Health Services Research, December 2017, Pages 2061–2078
Objective: Patient navigators (PNs) may represent a cost-effective strategy to improve transitional care and reduce hospital readmissions. We evaluated the impact of a PN intervention on health system costs in the 180 days after discharge for high-risk patients in a safety-net system.

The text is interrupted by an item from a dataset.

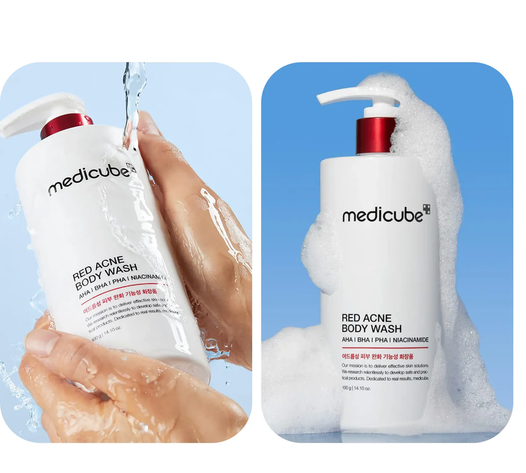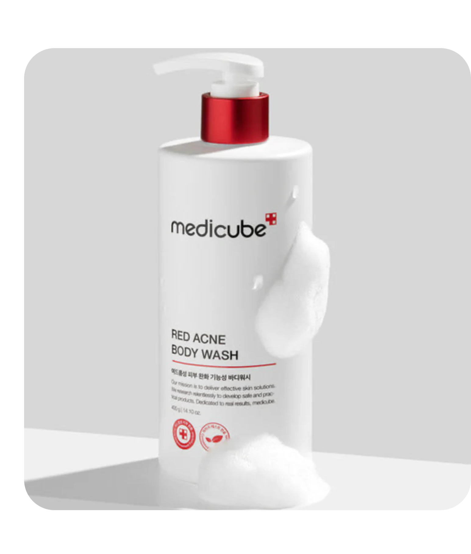 O Medicube Red Acne Body Wash 2.0 é um sabonete líquido corporal desenvolvido especialmente para a limpeza eficaz da pele com tendência à acne. Sua fórmula ajuda a remover impurezas, excesso de oleosidade e resíduos acumulados, deixando a pele limpa sem causar ressecamento excessivo.

Study Design: We compared per-patient utilization and costs, overall and by age, for high-risk, medical service patients randomized to the PN intervention relative to usual care between October 2011 and April 2013. Intervention patients received hospital visits and telephone outreach from PNs for 30 days after every qualifying discharge.
Principal Findings: Total costs per patient over the 180 days postindex discharge for those aged ≥60 years were significantly lower for PN patients compared to controls ($5,676 vs. $7,640, p = .03); differences for patients aged <60 ($9,942 vs. $9,046, p = .58) or for the entire cohort ($7,092 vs. $7,953, p = .27) were not significant.